I have been voyaging amid the Hebrides,—strolling amid the Highlands,—loafing by the Sea,—trying to extract from two or three weeks' vacation some vigour and virtue for my work, which in these last years grows heavy. On returning I found your munificence to be as of old. The three volumes, and the photographs were most welcome. A third photograph was sent to me by Sharman. (If you see him tell him that his accompanying letter got lost in my absence or it shd​ have been answered.)

About the same time that I received your volumes I got a letter from Kate Hillard, (a brilliant girl and writer of Brooklyn who was here last year) written       from the Adirondacks. She says:—"I have made a discovery since I have been here, and that is, that I never half appreciated Walt Whitman's poetry till now, much as I fancied I enjoyed it. To me he is the only poet fit to be read in the mountains, the only one who can reach and level their lift, to use his own words, to pass and continue beyond. The others seem more or less paltry and insufficient, except Shakespeare, and he seems almost too courtly. But Walt Whitman exactly accords with the ruggedness and tenderness of the mountains, and seems in some way more their fellow. At any rate he so affects me, and what other thing can we know?"

 

2d sheet.

I copy this for you as it is in a way what the mountains said about you to the girl.
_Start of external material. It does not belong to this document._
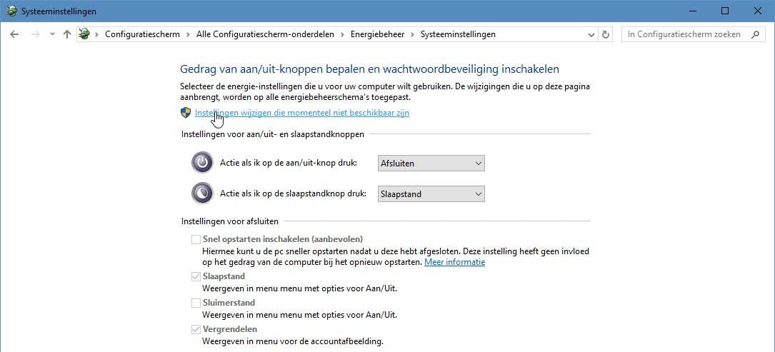 Klik in het menu Start van Windows 10 op Instellingen en in het daarop geopende venster op Systeem. Klik in de kolom links op Energiebeheer en slaapstand. Klik in het paneel rechts op Extra energie-instellingen. Klik - in alweer een nieuw venster - in de kolom links op Het gedrag van de aan/uit-knoppen bepalen. Je ziet an de rechterkant onder het kopje diverse lichtgrijs gekleurde en inactieve opties, wij hebben er daar eentje van nodig. Om ze te activeren, klik je op de link Instellingen wijzigen die momenteel niet beschikbaar zijn (wie zei er dat Windows 10 logisch in elkaar steekt...?). Schakel vervolgens het selectievakje voor de optie Slaapstand uit. Klik dan op de knop Wijzigingen opslaan en sluit het achterliggende venster. Vanaf nu wordt je startmenu niet meer ontsierd door de Slaapstand-optie. Het scheelt in ieder geval misklikken met mogelijk vervelende consequenties.

As you may judge, the criticism in the Westminster Review seemed to me valuable on account of its stand-point and main principles. The Hon​ Roden Noel (one of the Lord Byron blood, and author of a pleasing volume of Poems) submitted to me recently a very long and careful review of your work, which begins with a charmingly incisive analysis of the Saturday Reviews criticism. The Essay of Noel will probably appear in the new Oxonian magazine "The Dark Blue." I shall take care to send it to you.

What is this I hear of your coming over here? Is it to be so?—& if so, when? and for how long? When you arrive—if that       good fortune await us—you must (letting me know beforehand the Ship by which you sail from America) come straight to my house, where you will find a small room but a large welcome. I hear that Tennyson has written to you, and should be very glad to know what he said.

Let me hear from you so soon as you find it convenient.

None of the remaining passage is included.